Consider the fracking "revolution": it produces oil in an inefficient way, at much higher cost than say 50 years ago when people just had to drill a hole and oil would flow out for free for many decades.
The high-quality oil wells are often exhausted nowadays and it is very rare to find new fields like those.
What's left for us by our predecessors of the last 100 years, is the less easy oil wells with lower reservers per oil field and lower quality oil.
And in 30 (or maybe a few more) years from now, what's left for our successors is hard-to-access oil with very low quality, like the tar sands and oil shales.
It also takes more energy (oil) to produce the oil, thus creating an ever smaller return.
So... if we throw enough money at it, people can postpone a "peak" for a long time.
The problem with people is, that they're prepared to go a long way to keep things as they are, even if it'll cost a lot (or maybe I should say: even if it kills them). So the danger is, that we could go on for a hundred more years like this and spend a lot of money and resources on extracting ever costlier oil (and with a lot of money I mean trillions of dollars in cumulative investments into a dead-end industry just to postpone the inevitable...).
Just think of the kind of weird things can happen in the future? Things like burning lots of cheap coal to generate the heat/energy to extract oil from tar sands which can then be sold at a premium price on the market. Or maybe they'll build a large hydro-electric plant to supply the energy - instead of using the electricity directly. Or maybe they'll just burn half of the oil they exploit, to exploit more oil. If the next generations are as inventive and determined as us, then anything is possible 
Just think about the way the Chinese mine their coal - with lots of small coal mines, and endless rows of trucks transporting the coal to the cities for the coal plants and for heating in houses.
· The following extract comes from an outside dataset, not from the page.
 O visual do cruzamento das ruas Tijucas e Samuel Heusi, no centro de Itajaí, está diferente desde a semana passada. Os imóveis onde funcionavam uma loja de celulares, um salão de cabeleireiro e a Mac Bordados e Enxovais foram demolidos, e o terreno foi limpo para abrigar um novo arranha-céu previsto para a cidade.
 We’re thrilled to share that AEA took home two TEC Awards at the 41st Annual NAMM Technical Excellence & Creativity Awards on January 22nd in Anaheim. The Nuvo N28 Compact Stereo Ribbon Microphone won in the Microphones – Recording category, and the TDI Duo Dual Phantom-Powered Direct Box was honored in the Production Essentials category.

It's done on an amazing scale and somehow it works for them.
Or just think about the potential of coal gasification - deep, inaccessible and even low-quality coal seams suddenly become very interesting. You just dig a deep hole, ignite the coal and use the hot gases to power a generator and there you go: electricity at low cost! Or turn it into liquid fuels. The possibilities for this are almost endless.
http://www.theoildrum.com/node/8184
http://www.kbr.com/newsroom/articles/features/unlocking-the-potential-of-low-rank-coal-reserves/
http://coal.decc.gov.uk/en/coal/cms/publications/mining/gasification/gasification.aspx
Note that fantastic story about Norway... 3 trillion tons of coal reserves...
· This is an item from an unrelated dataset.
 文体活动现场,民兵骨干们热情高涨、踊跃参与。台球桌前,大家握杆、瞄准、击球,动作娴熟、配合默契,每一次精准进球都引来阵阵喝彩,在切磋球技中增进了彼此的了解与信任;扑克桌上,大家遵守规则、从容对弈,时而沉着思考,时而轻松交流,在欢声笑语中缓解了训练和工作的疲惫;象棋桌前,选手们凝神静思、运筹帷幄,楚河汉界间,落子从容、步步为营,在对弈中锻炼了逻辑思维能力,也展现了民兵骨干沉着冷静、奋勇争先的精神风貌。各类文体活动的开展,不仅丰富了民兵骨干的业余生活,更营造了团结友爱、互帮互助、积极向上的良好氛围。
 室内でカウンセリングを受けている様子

Why? You continue to presume that CO2 in the atmosphere is somehow a major cause of our climate. CO2 is 0.4% of the air and not a particularly effective greenhouse gas.
I've tried to explain that in the last page. The 0.04% CO2 shares its energy with the other 99.96% of the atmosphere, allowing a lot of captured heat to be stored and allowing an efficient capture of heat.
You shouldn't get distracted by the low percentage... there are plenty of molecules of CO2 around to create an impenetrable "fog" around the earth. And those molecules are not on their own, they don't have to store all that heat by themselves.
That is why the CO2 in our atmosphere is thousands of times more effective than the CO2 in a low-pressure CO2 dominated atmosphere like on Mars (0.6% of the pressure of Earth's atmosphere).